AG: Well, in the first place, there was no poetry maybe. It was just people sort of jumping up and down. going uh uh uh. And then uh was the first poem. Then “want” might be…Anyway, he says it. Let me just present Bunting’s ideas and you can think about it because there’s a lot more little interesting insights.
Dance is the most fundamental of the arts and the parent of music and poetry, he claims, and that, within the dance step,the sub-rhythms within the dance step, he believes, come, from the following situation…

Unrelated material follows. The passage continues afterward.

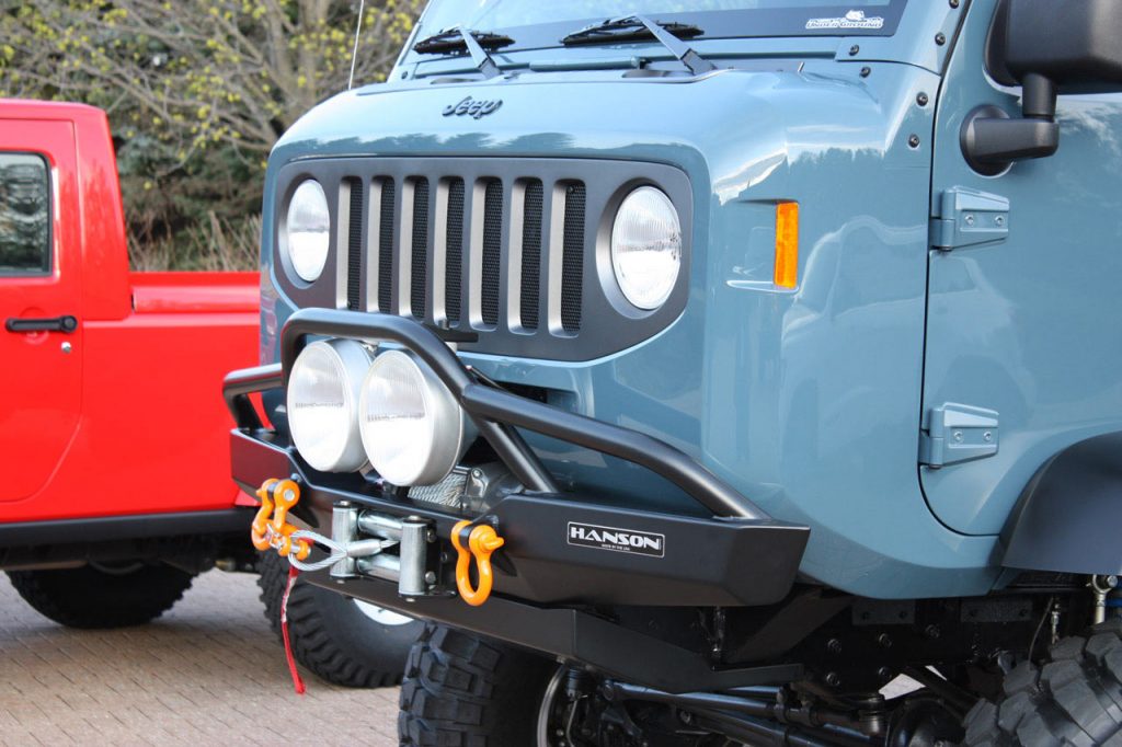 The outrageous Mighty FC is also based on a Jeep Wrangler Unlimited Rubicon chassis and cab, once again using the Mopar JK-8 pickup truck conversion kit as a starter and made over to look very much like the Jeep Forward Control pickups built between 1956 and 1965. The cab has been fitted with a custom flat nose, seven-slot grille and an extra pair of high-intensity-discharge headlamps positioned directly over the front Mopar Portal offset axle assembly for enormous ground-clearance numbers.

He was.. what? he was..Bunting himself was travelling in Kurdistan and he heard a.. there was a group.. there was a sound like a.. [AG percussively claps his hands together here] which was interesting to him and he stopped in the street to find out what it was, and there was a group of women carrying giant burdens and their breasts were flapping as they walked and that was the slapping sound.
Student: (That was..that was the sound?)
AG: He was.. he was guessing that feet, hands, breasts, and limbs beat time, that time, the sub-rhythms suggested by the different parts of the body (in the dance) suggest.. suggest.. – the breasts flapping, particularly, was his gig – suggests, as in Zulu dancing (where the flapping of the breast is part of the sub-rhythms, actually) and is considered a major part of the rhythmic percussion session in the dance in Zulu – and, apparently, he says, in Kurdish situations).
So he was saying feet, hands, breasts, limbs, as they beat time in the dance, then that suggests the next step which is the first instrument, the drum. And dancers huff and grunt, cry out , and then begin to articulate words (and then) the first poetry. And he points to Franz Boas’ transcriptions of Menominee Indian chants. The first words are just sounds made as part of the dance and are pure nonsense and then, those are.. it progresses to very sharp lyrics, like one or two lines like “In my one-eyed ford – hey-way hey-nay -yo hey-nay-nay yo – I’m going home from town in my one-eyed Ford – way hey-na-yo- hey-hey-way-yo tra-la-la-la-la tra-la-la-la – in my one-eyed Ford tra-la-la-la la-ley- yo” So…
to be continued
[Audio for the above can be heard here, beginning at approximately eight minutes in and concluding at approximately twenty-and-a-half minutes in]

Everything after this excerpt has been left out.